[PROMPT] Write again exactly the lines in the listing below, starting at the line with "Squeeze 750mL de" and ending at the line with "1.정부24 홈페이지에 접속하여 검색란에 [7년 무사고]로 검색 후 이동합니다.", both included. Pictures are not copied.

Top of ENTRIES PROVIDED

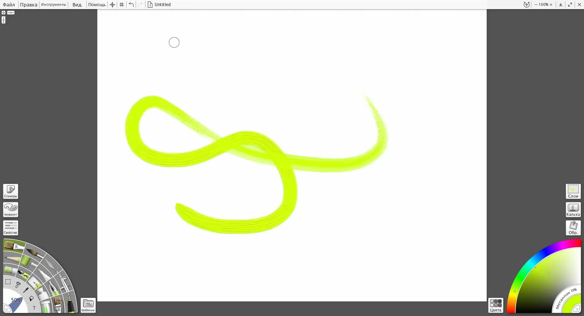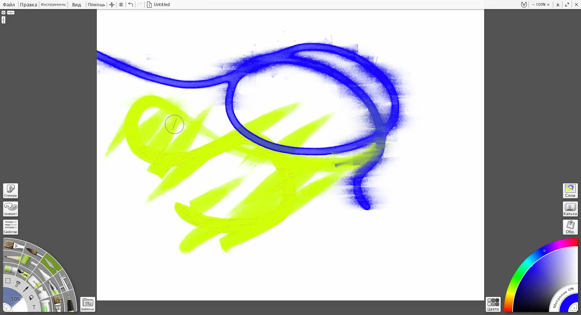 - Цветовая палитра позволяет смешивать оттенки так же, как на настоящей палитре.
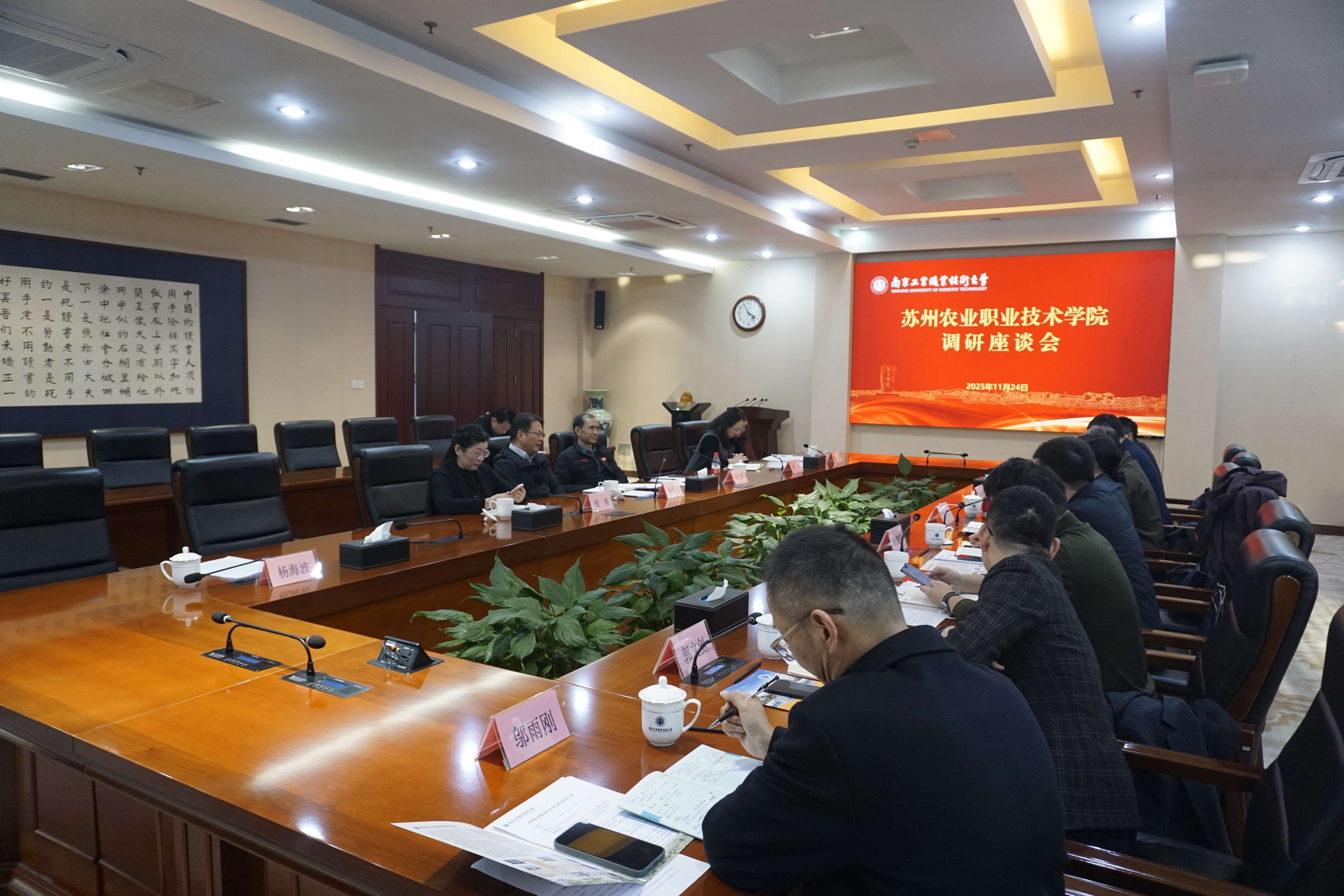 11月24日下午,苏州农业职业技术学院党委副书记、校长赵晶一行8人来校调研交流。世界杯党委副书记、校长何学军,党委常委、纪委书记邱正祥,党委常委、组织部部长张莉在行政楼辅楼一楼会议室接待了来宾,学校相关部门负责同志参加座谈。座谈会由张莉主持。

Bottom of ENTRIES PROVIDED
Top of ENTRIES PROVIDED

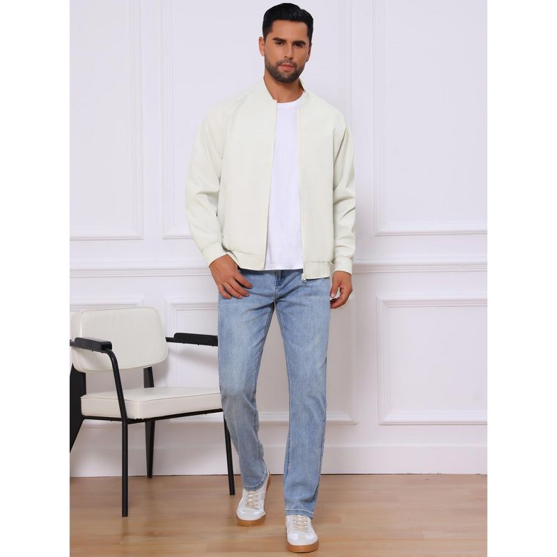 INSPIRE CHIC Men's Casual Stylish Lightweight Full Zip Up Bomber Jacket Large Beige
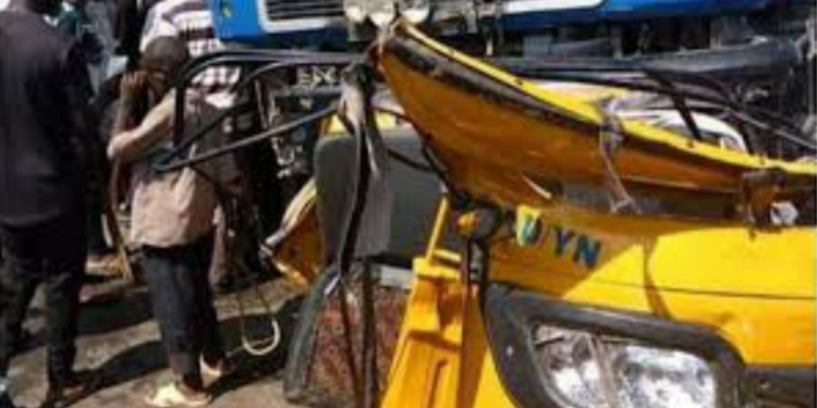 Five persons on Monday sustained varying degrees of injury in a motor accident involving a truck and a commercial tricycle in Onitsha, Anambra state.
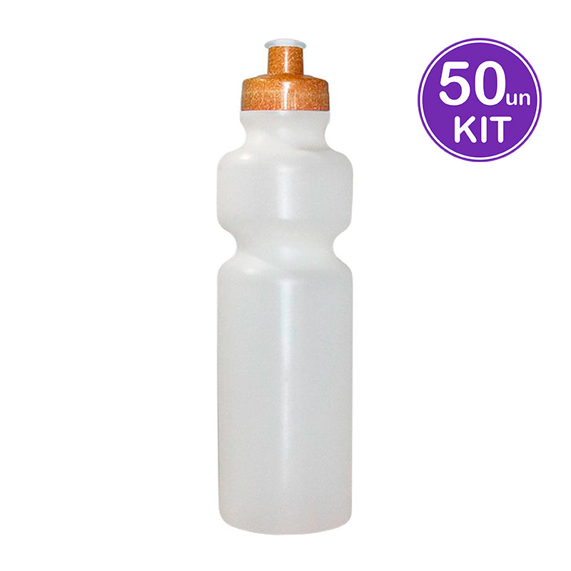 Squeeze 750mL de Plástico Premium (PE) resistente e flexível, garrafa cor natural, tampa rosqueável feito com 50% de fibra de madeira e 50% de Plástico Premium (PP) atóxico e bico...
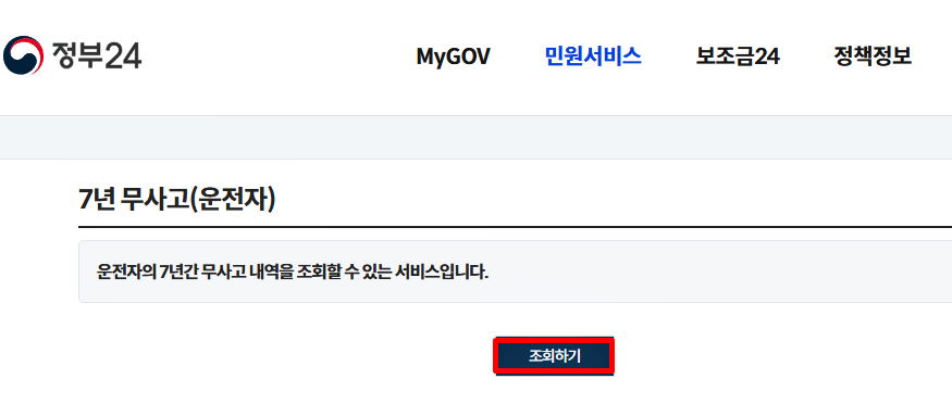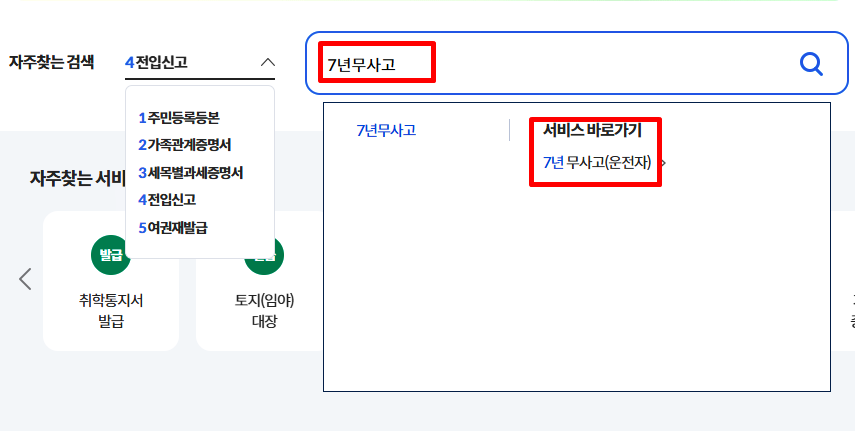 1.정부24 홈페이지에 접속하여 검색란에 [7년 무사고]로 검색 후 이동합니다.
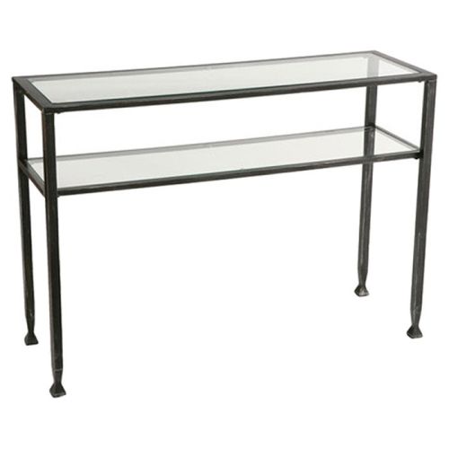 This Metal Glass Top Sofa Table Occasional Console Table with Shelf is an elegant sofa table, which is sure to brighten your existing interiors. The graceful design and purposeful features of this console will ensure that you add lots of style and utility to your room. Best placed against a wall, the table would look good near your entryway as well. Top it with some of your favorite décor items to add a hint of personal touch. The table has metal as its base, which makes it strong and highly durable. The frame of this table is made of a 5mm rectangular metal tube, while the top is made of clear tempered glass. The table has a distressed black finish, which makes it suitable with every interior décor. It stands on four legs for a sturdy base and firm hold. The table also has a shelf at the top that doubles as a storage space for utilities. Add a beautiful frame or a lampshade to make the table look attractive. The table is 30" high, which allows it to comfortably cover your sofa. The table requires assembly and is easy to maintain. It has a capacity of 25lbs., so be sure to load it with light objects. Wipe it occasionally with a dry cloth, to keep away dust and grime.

Bottom of ENTRIES PROVIDED

[ANSWER TO THE EXERCISE]
 Squeeze 750mL de Plástico Premium (PE) resistente e flexível, garrafa cor natural, tampa rosqueável feito com 50% de fibra de madeira e 50% de Plástico Premium (PP) atóxico e bico...
 1.정부24 홈페이지에 접속하여 검색란에 [7년 무사고]로 검색 후 이동합니다.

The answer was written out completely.